My point has been to show that a great deceit is being forced on society to control and manipulate in all kinds of unhealthy directions and we need to understand that. Powerful forces are at play actively teaching us to worship knowledge and information rather than the source of truth. Unfortunately, the sources of knowledge and information that we routinely attach ourselves to are sources designed to alter how we think about truth and authority. If we aren’t connected to the source of truth, then we can’t live by wisdom.
Do we understand that the foundation and sources behind all of our so-called enlightenment of information are actually based on anarchy? That’s the mind of Satan, and that’s the source and what is preached via the “medium of the message”. It’s designed from its very core to pull people away from God, away from truth, away from proper perspectives on authority; it’s anarchy.
Humanity will prove that the results of their systems of governments, religions, families, occupations, medical practices, you name it, and how we receive information all led to chaos and destruction. God will then come and start over again and rebuild all of that from the ground up for humanities good. To teach man from the very beginning the foundation of wisdom and the knowledge of God. It’s not just what will be said and done, but how that will be said and done that will be for the benefit of all humanity’s long-term spiritual health.
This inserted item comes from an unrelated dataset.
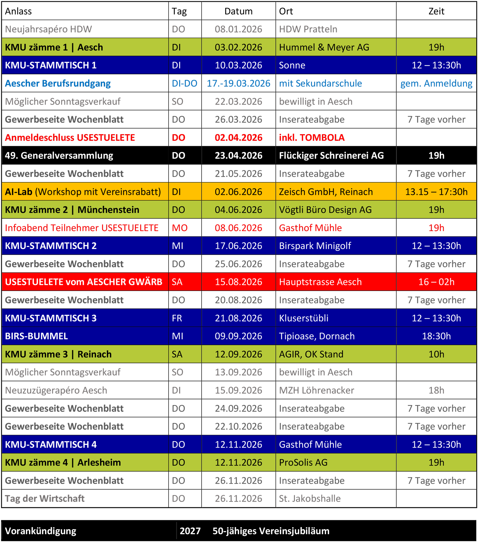 - DO 02.04.2026 Anmeldeschluss USESTUELETE inkl. TOMBOLA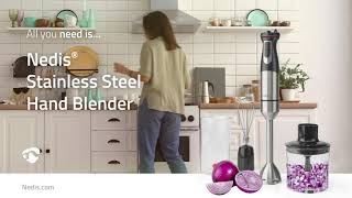 Den er hurtig og nem at bruge - og giver langt mindre opvask - end en blender på fod. Den er udstyret med aksel og kniv i rustfrit stål, og der er flere hastighedsindstillinger, så du kan blende selv de hårdeste grøntsager.

So as we are trying to live in this present world now, we need to be extremely careful that we are not stained by the world’s ideas. Remember truth is not what is relevant, it’s not what is popular, but truth is what God thinks. If we are able to live by wisdom, by connecting to the source, the foundation of knowledge, then we can be there in the future to effectively help point humanity to God and Jesus Christ, the ultimate source of truth and the ultimate authority over all.